Overall, lecturers confirmed positive effects of MR in education [14]. However, there is still not a lot of empirical evidence within the field to confirm such expectations in general [8,9]. Using MR in mining courses is a particularly challenging task and there is still little knowledge of their efficient usage in mining engineering education [15].

2.2 The MiReBooks Project

We already introduced shortly into the difficult situation of the mining industry and its educational sector. This situation has led to a decline of social acceptance and damages the public image of the raw materials industry [2]. Following the sector becomes less and less attractive for students, while the demand in the sand, gravel and quarry industry is rising [18].

To counteract this, the European Institute of Innovation & Technology (EIT) Raw Materials launched the project MiReBooks (Mixed Reality Books) in 2018 [15]. 14 Pan-European partners work on different methods, technologies, and tools to address the current problems in the field of mining education. The purpose of the project is to increase the attractiveness of mining engineering for students [3]. The researchers work on possibilities to transfer theoretical knowledge into practical work [14]. This is one of the major challenges within the mining sector [19] since blasting, loading of rubble onto trucks or visiting a mine in general lead to safety risks, logistical challenges, and further problems [14].

Kazanin and Drebenstedt [19] compared the educational sector for leading countries in the mining industry like USA, Russia, and Germany. This research showed that education programs must meet “changing demands of national and global mining industry” and that it should incorporate “active involvement of the professional community in the process of training” [19]. Knowing these constraints, we can state that highly practice-oriented teaching in the field of mining engineering education is difficult to implement [14].

A possibility to ensure a more practical way of teaching is the use of MR. These technologies can be a helping tool when trying to overcome such constraints. Lee [20] and Winn [21] state that AR and VR enable more natural processes for interaction with virtual objects. According to Radu [22] such interaction increases the quality of the learning outcomes. Santos et al. [23] could also measure a positive effect on the performance of students using AR compared to traditional methods in their meta-analysis.

The MiReBooks project uses these findings and creates a framework for assisting teachers and students in mining engineering education. It is “a new digital learning experience that explores the way mining is taught, applied and changed in the future” [14]. We use AR and VR technologies to enhance traditional learning material. These learning experiences allow lecturers to provide situations similar to hard-to-get real-life experiences. The didactical concept behind the project will be discussed after explaining the literature study and explaining our results.

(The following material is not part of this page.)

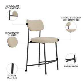 Banqueta Cozinha Média Kit 2 Milli Linho Areia A14 - Mpozenato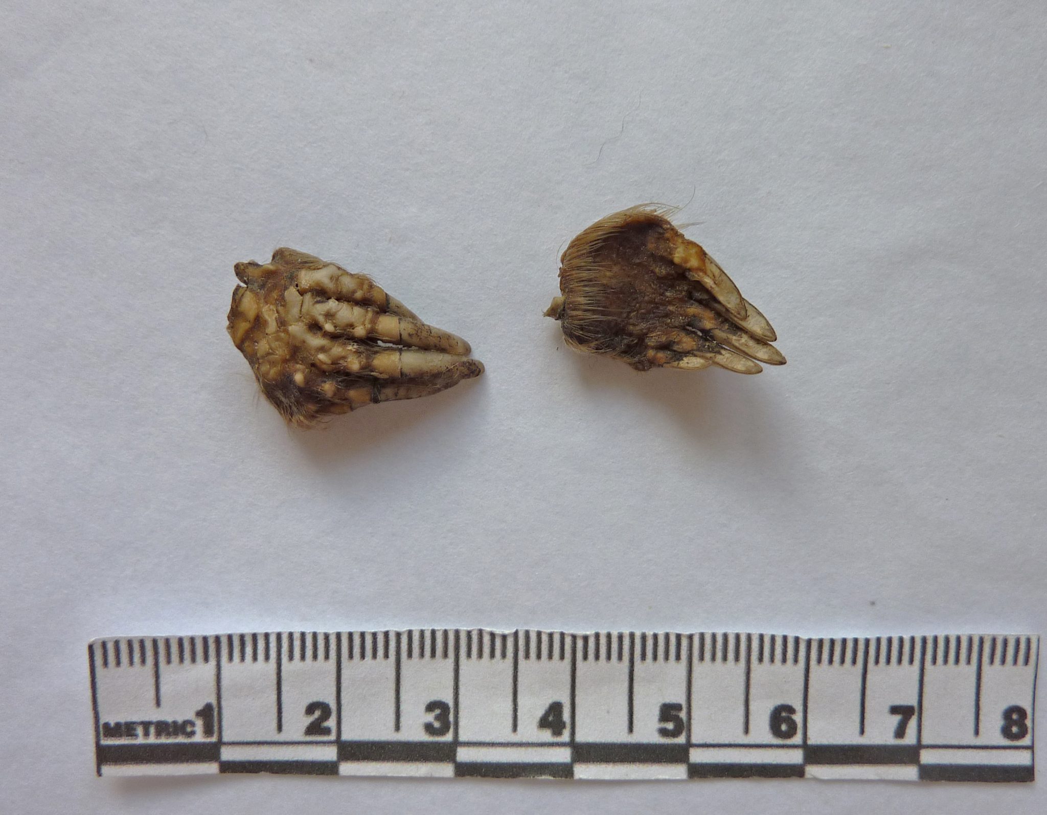 Set of moles' feet - originally 20 but two lost in 2004 flood.

3 Evaluation of MR Tools in Education

As described in the previous chapters, Mixed Reality is still a rather little researched topic when used as a teaching method. Especially in the domain of mining engineering education, the use of MR in the classroom is a relatively new approach [15]. To enhance these new tools, it is mandatory to evaluate the learning outcomes and technologies themselves. However, as Swan et al. [16] could show, evaluation processes are not conducted as often as expected. In 2004 they produced a study that reviewed over 1,100 articles from multiple sources connected to Augmented Reality. From these publications, only 21 described some form of formal user evaluation [16]. Santos et al. [23] conducted a meta-analysis in 2014, where they analyzed 87 research articles on augmented reality learning experiences. 43 of these papers included formal user studies which measured factors like ease of use, satisfaction, immersion, student motivation or performance [23]. This shows that there has been an increase of evaluation processes in MR over the last years. However, there is still limited knowledge about MR as an educational tool and there is even less information about fitting evaluation methods for these technologies.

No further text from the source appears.